Kevin Myers: We now know there's no such thing as Europe. Admit it and be grateful: Deutschland uber alles
Wednesday April 28 2010
The sun rises on a new dawn, and once again, the begging bowl is passed to Germany to pay for the excesses of others. And Germany will complain, and it will grumble, but most of all, it will pay. Why? Because payment confers power. The EU might fundamentally be just a Franco-German club, a glorified Franconia, but the club president-paymaster still lives in Berlin. For the most intelligent, the most talented, the most resourceful and energetic people in Europe are those whose lands lie between the Oder and the Rhine.
Sixty-five years ago this week, the idea that Germany might one day come to the economic rescue not just of Greece, but to the entire European project, and within the lifetimes of people then living, would have seemed utterly ridiculous. A national Nemesis unique in world history was befalling the Reich. Allied bombing had turned its cities into funeral pyres, within which hundreds of thousands of German civilians had perished. Another 400,000 Germans were killed in ground-fighting in 1945 alone. Perhaps two million ethnic-Germans were murdered or died during their flight from the ancient ethnic homelands in the east. Eight million Germans were roofless refugees. Tens of thousands of German women and girls were being raped by Soviet soldiery, who were to continue their rampage long after the last shot had been fired. Victor's justice followed: Germans were hanged for deeds that were no worse than many done by their conquerors.
The Germans invented the word, Gotterdammerung: it was for the Germans now to discover the full meaning of such righteous wrath.

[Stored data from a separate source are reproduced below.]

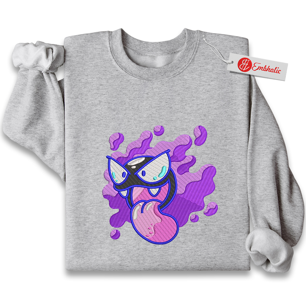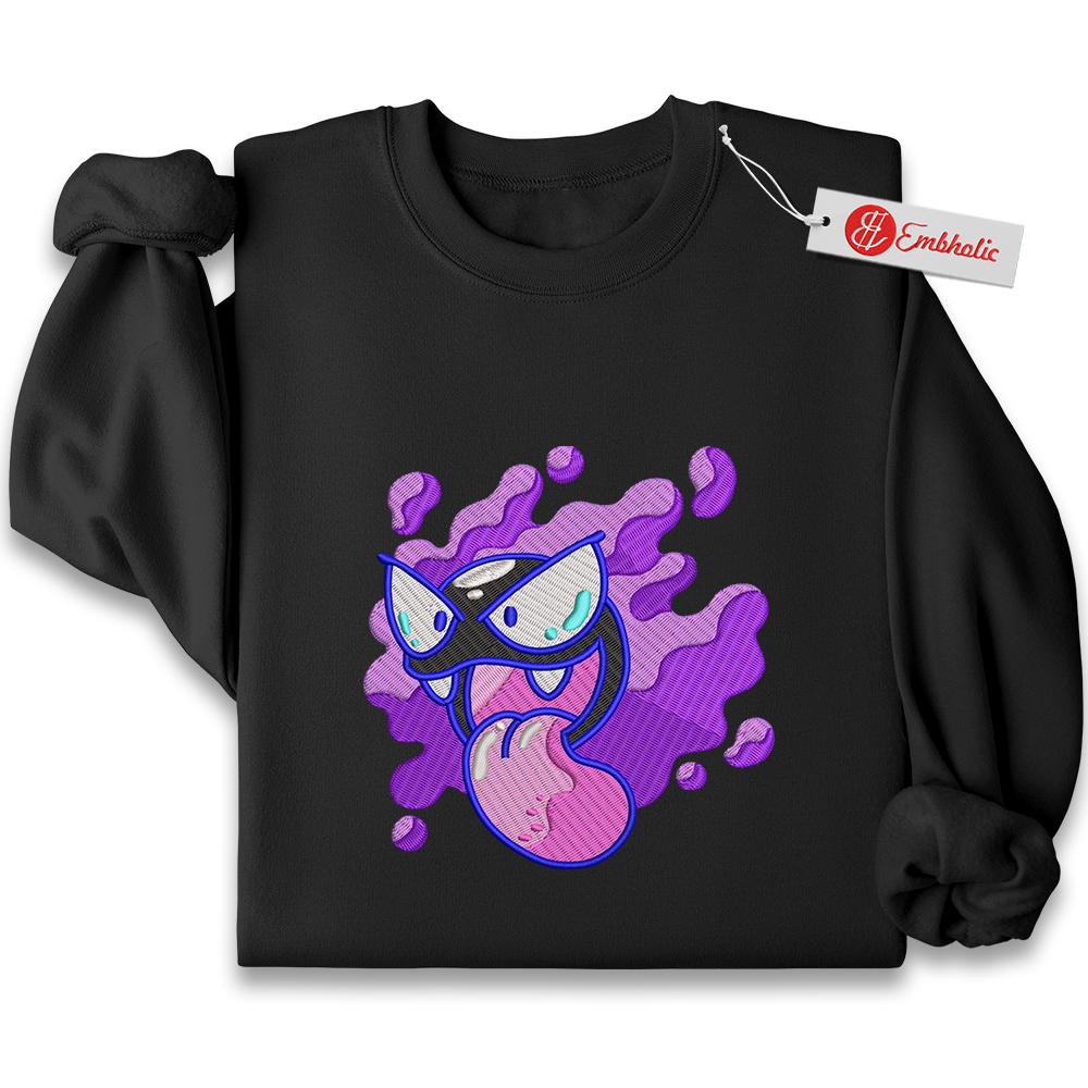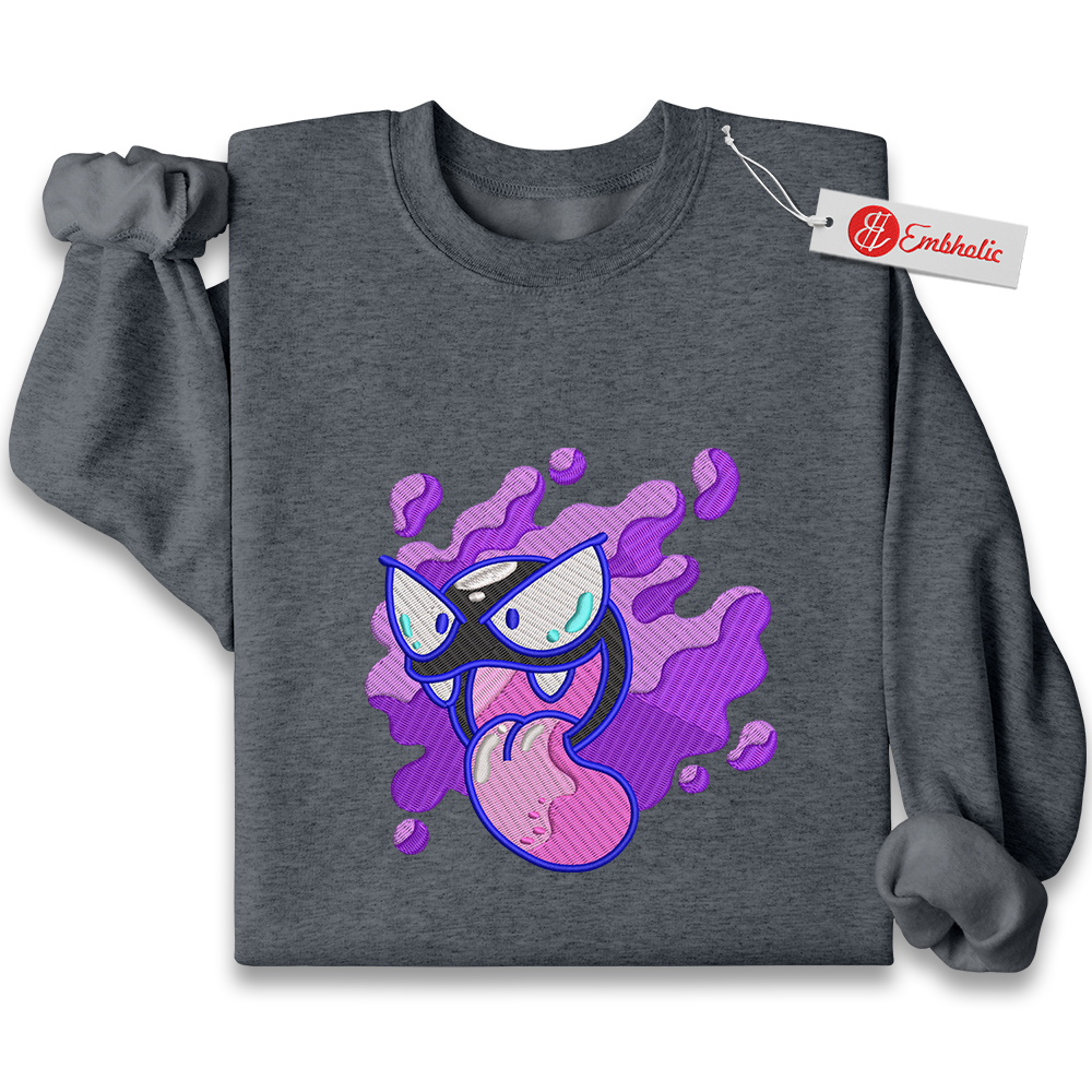 Gatsly Embroidered Sweatshirt, Pokemon Shirt, PKM Shirt, Anime Embroidered Sweatshirt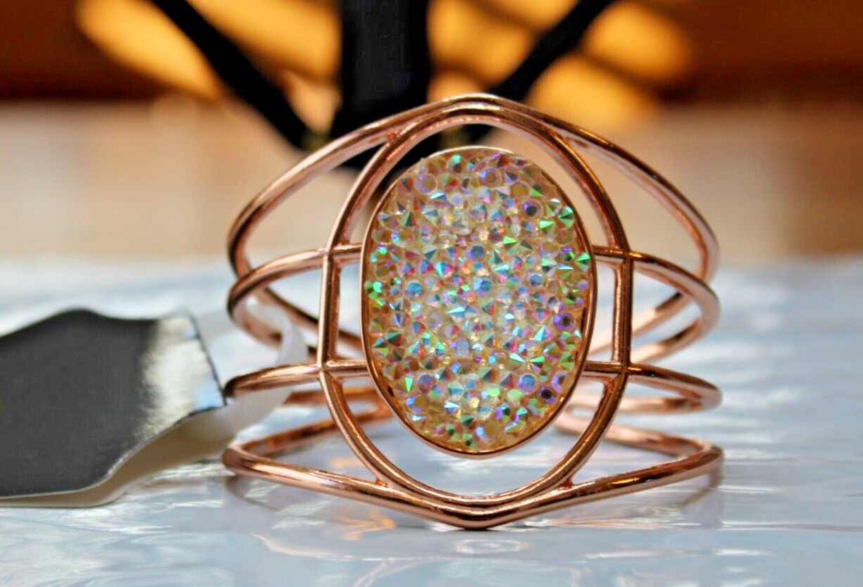 Rose Gold Metal Cuff Bracelet With Sparkle Rhinestone Top New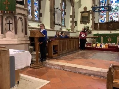 'It's another harvest festival...' where our Sampford families showed great generosity once again in providing donations to support CHAT in Tiverton. The children in Oak were very excited as this was their first trip to the church and first harvest festival. As always, the children sang with great enthusiasm and showed great spirituality when sharing things they are thankful for with many of them mentioning their families and friends.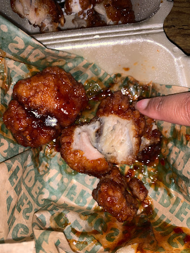Oblivious staff. Tables never clean, they never have the sweet tea filled, if they do its almost bone dry and you cant even get a second refill. Placed an order to go over the phone one time. Got there and they said my order was never taken. The place was not busy at all makes me wonder what happened. Then I had to wait a good 25+ minutes on my order that I placed over the phone but had to re order in store. Ive been in great wingstops. This is not one of them. Waited so long for my order and my chicken was still under cooked. Broken wings to top it off. I will never go back to this wingstop ever again.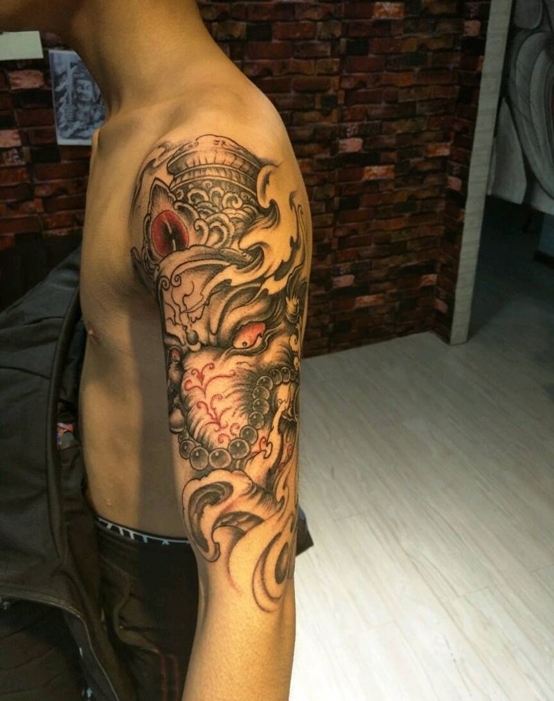 当前位置: 首页 >河北省邯郸市纹身店-帝易纹身总师父店纹身图案>象神纹身图片_肩部传统鬼神成品手稿纹身图案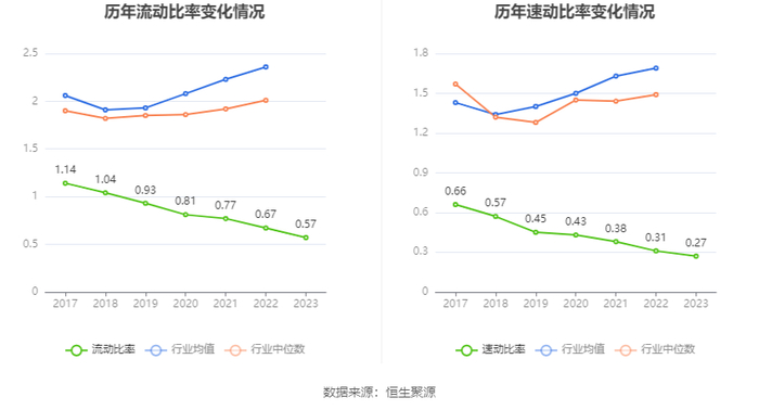 2023年,公司流动比率为0.57,速动比率为0.27。

Few Germans today complain about the fate of their country in 1945. They know a condign, if evil, punishment had been done for the misery they had wrought on the other peoples of Europe. No land that had felt the fall of the Nazi jackboot was spared the inhuman savagery of the Third Reich. From Greece to Italy, from Norway to the Ukraine, the tale varied in but detail: massacre, torture, extortion and slow-moving trains to their final destinations, marked by high smokestacks and strange smells.
So, 65 years ago this spring, the Germans began to rebuild their land. Somebody with a screwdriver began to assemble Volkswagens. A man with a drawing-board in the middle of rubble sketched out a design for a new Mercedes Benz. Willi Messerschmitt, whose surname in German means "knife-smith", and who had designed the first jetfighter in the world, began to make quirky little bubble-cars. From the ashes of Armageddon arose a new Germany, as hard-working and as inventive as ever, but with a new ethos, in which militarism was shunned and a duty to others extolled.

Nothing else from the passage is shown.